Cleaning other Wordpress ties

String based search and replace wouldn't be enough to remove the other bits of WordPress lying around and that the site wasn't using: some <script>,<link> and <style> tags from WordPress itself or plugins that won't be there anymore.

For that rehype is much better suited. Instead of working with strings, it turns the HTML into a tree of JavaScript objects (a syntax tree), from which we can single out specific nodes to remove.

Using a .rehyperc.js configuration file, we can make it load a custom plugin stored in ./rehype/drop-wordpress-scripts.js:

module.exports = {
  plugins: [
    './rehype/drop-wordpress-scripts.js',
  ]
}

The removal is simplified by one of the many utility modules provided for unist, the format of the syntax tree created by rehype. unist-util-remove lets us focus on which node to pick, based on their properties or children, and takes care of the removal.

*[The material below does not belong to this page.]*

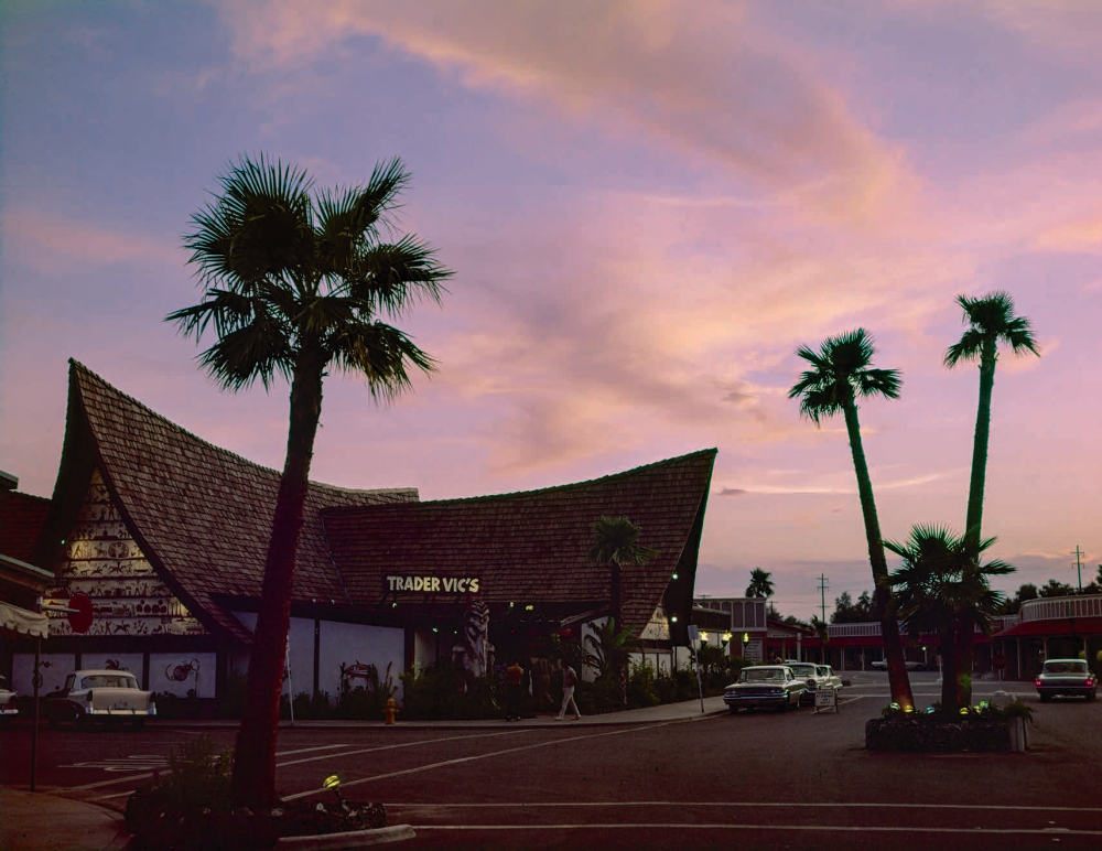 Palm trees mark a sunset view of Trader Vic’s, a Polynesian-themed restaurant on Fifth Avenue in Old Town Scottsdale. The restaurant opened in 1962 and closed in 1990; Citizen Public House now occupies this location.

const remove = require('unist-util-remove');

module.exports = function attacher() {
  
  return function transformer(tree, file) {
  
    remove(tree,{},function(node) {
      if (node.tagName === 'script') {
        if (node.properties.src) {
          return /wp-includes/.test(node.properties.src) || /wp-content\/plugins/.test(node.properties.src)
        } else {
          return /wpemoji/.test(node.children[0].value) || /wpcf7/.test(node.children[0].value);
        }
      }
      if (node.tagName === 'link') {
        return /(wp-content\/plugins|s.w.org)/.test(node.properties.href);
      }
      if (node.tagName === 'style') {
        return /img.emoji/.test(node.children[0].value)
      }
      return false;
    })
  }
}

After installing rehype-cli with npm i rehype-cli, running npx rehype www -o will process all the files in the www folder and overwrite them with the updated version. Now the old site is cleaned of WordPress references.

4042302 with a twist

With the old site tidied up and deployed at old.romaricpascal.is, it's now possible to set up 4042302. Apache would support the following ErrorDocument directive to do some redirection:

ErrorDocument 404 https://old.romaricpascal.is%{REQUEST_URI}?%{QUERY_STRING}

However, besides inserting an ugly ? for each failed request, it would display the 404 page of the old website, not the new one. Luckily, the server hosting the site can run some PHP, so we check if the page exists on the old site before redirecting:

$base_url = "https://old.romaricpascal.is";

if (!empty($base_url)) {
  $url = "$base_url$_SERVER[REQUEST_URI]";
  // Prepare a request to the server
  $ch = curl_init($url);
  // Only send an OPTION request
  curl_setopt($ch, CURLOPT_NOBODY, true);
  // Follow any redirects
  curl_setopt($ch, CURLOPT_FOLLOWLOCATION, true);
  // Finally send the request
  $response = curl_exec($ch);
  // And grab the response code
  $response_code = curl_getinfo($ch,CURLINFO_RESPONSE_CODE);
  curl_close($ch);

  if ($response_code >= 200 && $response_code < 300) {
    // The URL exists, let's redirect!
    header("Location: $url", true, 302);
    die();
  }
}

// By that point, the URL didn't exist, or we didn't set up
// a `$base_url`, so we need to pick our own redirect method
// Mimicking those of Apache: redirect somewhere, display a document or just show some text
$error_redirect = '';
$error_document = '';
$error_message = 'Not found';

if (!empty($error_redirect)) {
  header("Location: $error_redirect", true, 302);
  die();
} else if (!empty($error_document)) {
  include $error_document;
} else {
  echo $error_message;
}

We can place this 4042302.php file within the content folder of the website and configure Apache to use it in the .htaccess:

ErrorDocument 404 /4042302.php

One day, I'll migrate the old content to the new website. In the meantime, all the old URLs should still point to their original content, keeping their access alive. Almost done with the logistics, a little bit of automation ahead, and it'll be back to building the site itself.